Por el baile Valentina Fory lo había soportado todo. En el 2010, a los 13 años, cuando visitó Lima con veinte compañeras más de Incoballet, Valentina creyó que se iba a morir. En el aeropuerto descubrió que, por una broma pesada de sus compañeras, no tenía en sus manos el pasaporte. Su profesora, indolente, la dejó en la aduana peruana. La niña, llorando, vio como el avión partía hacia Colombia sin ella. Una señora, conmovida por el dolor, la llevó a la embajada colombiana en Lima, dos días después estaba de regreso en Jamundí. Sus padres la esperaban en el aeropuerto.
Cuando empezó en Incoballet entraron con ella 48 estudiantes, de las cuales sólo había 3 afros. Al final se graduaron 8, ella era la única negra de la promoción. De hecho, a sus 19 años, Valentina Fory va camino de ser la primera bailarina clásica negra de Colombia.
La pasión por el ballet le fue ganando la partida a la depresión en que estaba sumida por el divorcio de sus padres. Le dijo adiós a un muchacho que estudiaba mecánica en el Sena y con el cual había empezado una relación, pero los bailarines no tienen tiempo para novios.
Las jornadas de 12 horas de ensayos y un talento que la hacía violar las leyes de la física, no eran suficientes para convencer a las compañías de ballet nacionales, cuando empezaba a creer que el único camino para seguir los pasos de Misty Copeland o Michaela De Prince, dos talentosas bailarinas clásicas que también tienen su color de piel, apareció Alma en Movimiento y supo que no era necesario irse del país.
Valentina fue escogida, en una audición, presidida por Julio Bocca, el gran bailarín argentino, para una de las becas del programa del Teatro Mayor Julio Mario Santo Domingo, acompañado por Bancolombia, que le permitiría vivir para bailar. Junto a otros diez jóvenes de distintas ciudades del país, que quieren hacer del baile una profesión, encontraron en el programa Alma en Movimiento su salida.
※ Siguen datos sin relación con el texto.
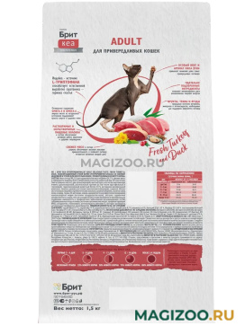 Полнорационный сухой корм суперпремиум класса с индейкой и уткой для взрослых кошек, привередливых ко вкусу корма.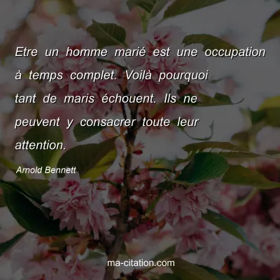Etre un homme marié est une occupation à temps complet. Voilà pourquoi tant de maris échouent. Ils ne peuvent y consacrer toute leur attention.

Con las becas que les ofrece el programa se forman con los mejores maestros del país, en una casa adecuada con todas las especificaciones de un estudio de danza en el barrio La Castellana de Bogotá. Además del esfuerzo físico, los muchachos deben enfrentar el desafío de vivir solos en una gran urbe como es Bogotá.
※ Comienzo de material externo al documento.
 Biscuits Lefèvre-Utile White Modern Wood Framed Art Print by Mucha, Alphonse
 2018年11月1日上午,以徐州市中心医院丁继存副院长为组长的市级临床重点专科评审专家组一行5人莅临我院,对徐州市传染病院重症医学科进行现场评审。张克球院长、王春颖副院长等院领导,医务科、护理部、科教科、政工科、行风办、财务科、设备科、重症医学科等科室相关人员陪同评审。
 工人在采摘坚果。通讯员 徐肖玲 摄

Valery conoció a Javier Mejía, nacido en el barrio de La Cumbre en el municipio de Floridablanca, quien también salió favorecido con el programa. Para Javier convencer a su familia de que lo único que quería hacer en la vida era bailar fue una labor titánica. Los hombres no bailan, los hombres pelean y por eso Mejía, como Juan Sebastián Hoyos de Medellín y Juan Fernando Morales Londoño de Pereira, lucharon para estar entre los escogidos para ingresar a pesar de los prejuicios de sus familias.
Valentina no extraña Jamundí ni le asusta el frío bogotano, ella, como todos los muchachos de Alma en movimiento, están decididos a romperse las uñas, los tendones, dejar la vida en el escenario con tal de llegar a ganarse algún día el pan haciendo lo que más les gusta: bailar.